L’Optimisme

Jane Avril at the NGA

L’Optimisme

A presentation on the life of Jane Avril by Zsuzsi Soboslay [accompanied by Chrissie Shaw].

Jane Avril, one of Toulouse-Lautrec’s favourite dancers and models, suffered from a movement disorder known as St Vitus’ Dance [Sydenham’s Chorea], most possibly triggered by the beatings she suffered as a child.
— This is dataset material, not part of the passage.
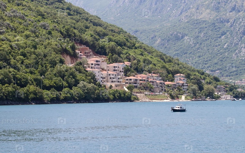 Береговая линия Которского залива в Черногории, Балканах, Европе летом

She claimed dancing ‘healed’ her, and on her discharge from Paris’s Saltpetriere asylum at the age of 16, she worked numerous day jobs whilst performing in cabarets at night. Dubbed ‘ethereal’, ‘magnetic’ and ‘like dynamite’, she became an astute business woman, star attraction and revered performer. Her story is one of triumph against the odds and the value of individual difference.

Performed at the National Gallery of Australia, during their Enlighten Festival, March 2013; repeat performance/presentation during DANscienCE Week at the CSIRO Discovery Centre, August 10, 2013, including a discussion of life in an asylum in C19th Paris, the stigma of disability, mapping disease via science and art, and cures for chorea and related disorders. INcludes songs by Aristide Bruant, sung by Zsuzsi with Chrissie Shaw, who also accompanies on piano accordion.

Images courtesy National Gallery of Australia

DANscienCE Week (August, 2013) was curated by Liz Lea, AD Liz Lea Dance (UK) and Canberra Dance Theatre, and Cris Kennedy (CSIRO).